Su misión es manufacturar inteligencia. Pero eso no impidió que en OpenAI se tomaran unas decisiones bastante cuestionadas. Los problemas en la firma, líder del emocionante campo de la inteligencia artificial (IA), se precipitaron el 17 de noviembre. Sam Altman, CEO y cofundador de la compañía, considerado una de las mentes más brillantes de Silicon Valley, fue despedido súbitamente por la junta directiva. La noticia cayó como una bomba en la industria.

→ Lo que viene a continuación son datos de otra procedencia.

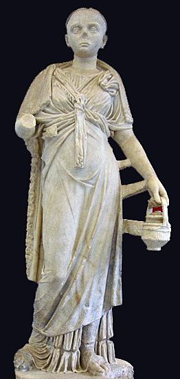 Prêtre, prêtresse ; terme très général désignant les prêtres des deux sexes, de quelque classe ou collège sacerdotal qu'ils fissent partie ; on comprend donc sous ce titre l'augur, le pontifex, le flamen, la vestalis, et d'autres encore qui sont cités, avec le nom qui leur était propre, dans la table analytique (Varro, L.L. V, 83 ; Cic. de Leg. II, 8 ; Verr. II, 5, 45 ; Ov. Fast. V, 573). |
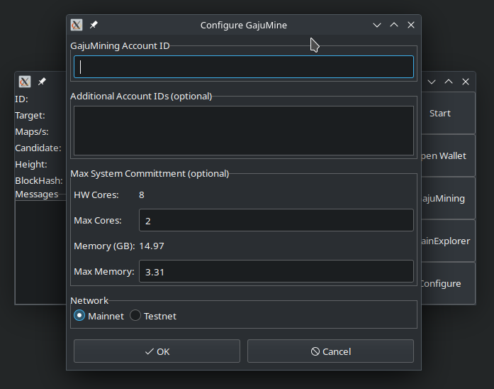 Adding a config interface to the miner as a proper first class window instead of a modal. ![Screenshot_20250527_211133.png](/attachments/af018100-b1dc-485b-b185-130794a77599) This change also adds the ability for the user to provide preferences for max memory consumption and processing core commitment, and configuration of additional beneficiary keys on whose behalf to mine. This version also eliminates the need for passwords, as configuration only makes use of the public key, and key generation is left entirely to GajuDesk.
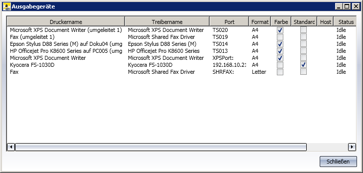 Im Menüpunkt Ausgabegeräte anzeigen... sind alle im System zur Verfügung stehenden Geräte aufgelistet.
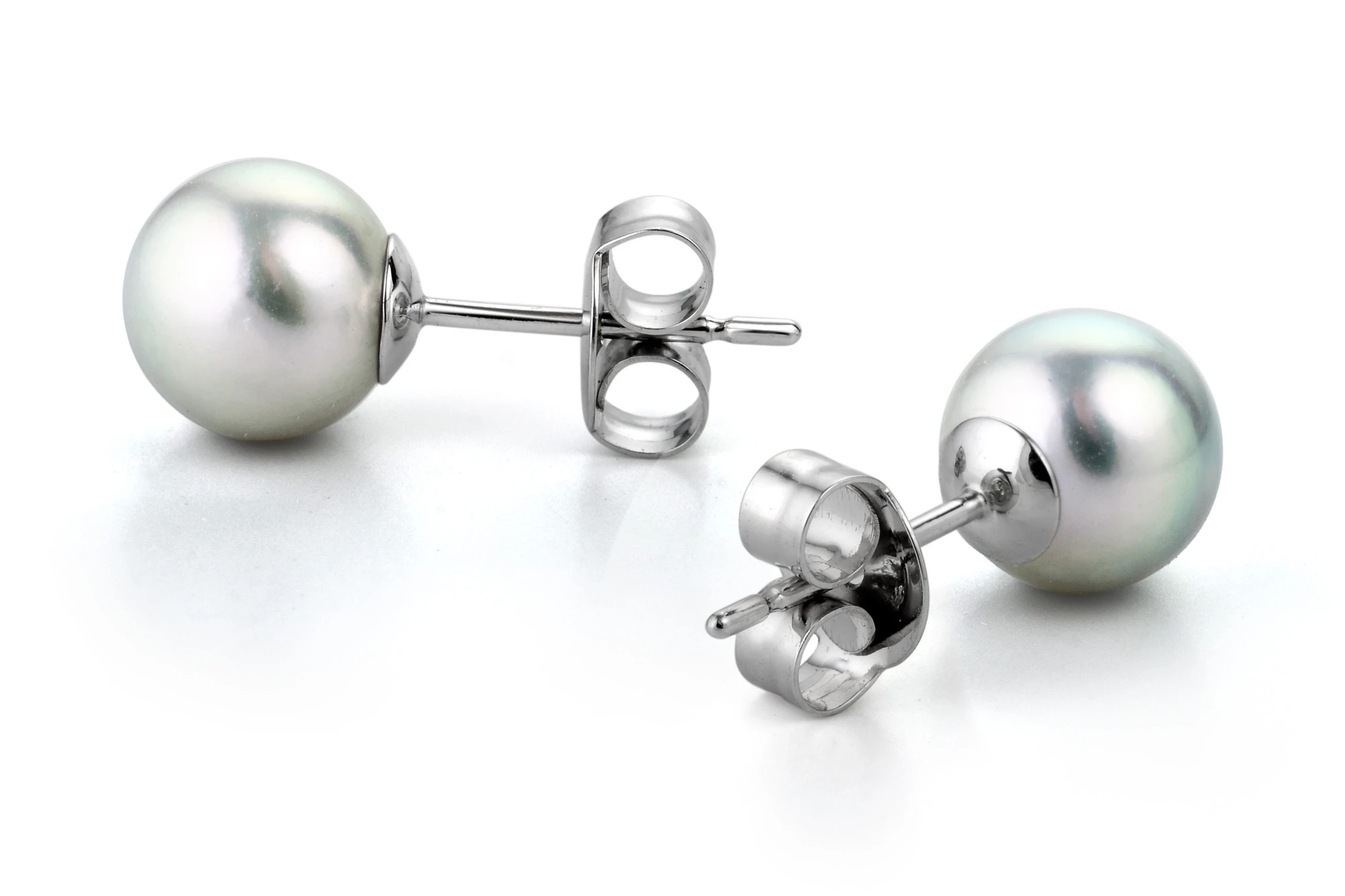 Пусеты из золота 585 пробы с серебристыми морскими жемчужинами Акойя 8,5-9 мм, (2256)

El despido fue el primer capítulo de un vertiginoso drama que duraría cinco días. Al día siguiente dimitió el presidente de la junta, junto a otros investigadores de alto rango. Un grupo de socios importantes, entre ellos Microsoft, exigieron el reintegro de Altman. Un influyente miembro de la junta, el científico Ilya Sutskever, se opuso.
Microsoft ofreció entonces financiar una nueva división de IA avanzada, dirigida por Altman. Casi todos los 800 empleados de OpenAI amenazaron con irse si su junta no era reemplazada. La presión de los trabajadores forzó el cambio de la junta y finalmente, el martes 21, Altman volvió a su cargo.
¿Qué motivó el inesperado despido? Ha habido poca claridad al respecto, pero un factor mencionado con frecuencia es que a parte de la junta le parecía que Altman estaba avanzando demasiado rápido, desoyendo las preocupaciones de algunas voces sobre los riesgos de la IA para la humanidad. En otras palabras, a diferencia de lo que sucedería en una empresa normal, parece que a Altman lo despidieron por hacer demasiado bien su trabajo.
Pero las empresas de IA no son empresas normales. Estamos frente a una tecnología novedosa, con un enorme potencial para beneficiar a la sociedad, y también, según los críticos, para salirse de control. Lo prudente, por tanto, es que el desarrollo de la IA se lleve a cabo bajo la tutela de directivos de las más altas cualidades tecnológicas, intelectuales y humanas. Esperemos que OpenAI y sus semejantes nunca desestimen ese principio.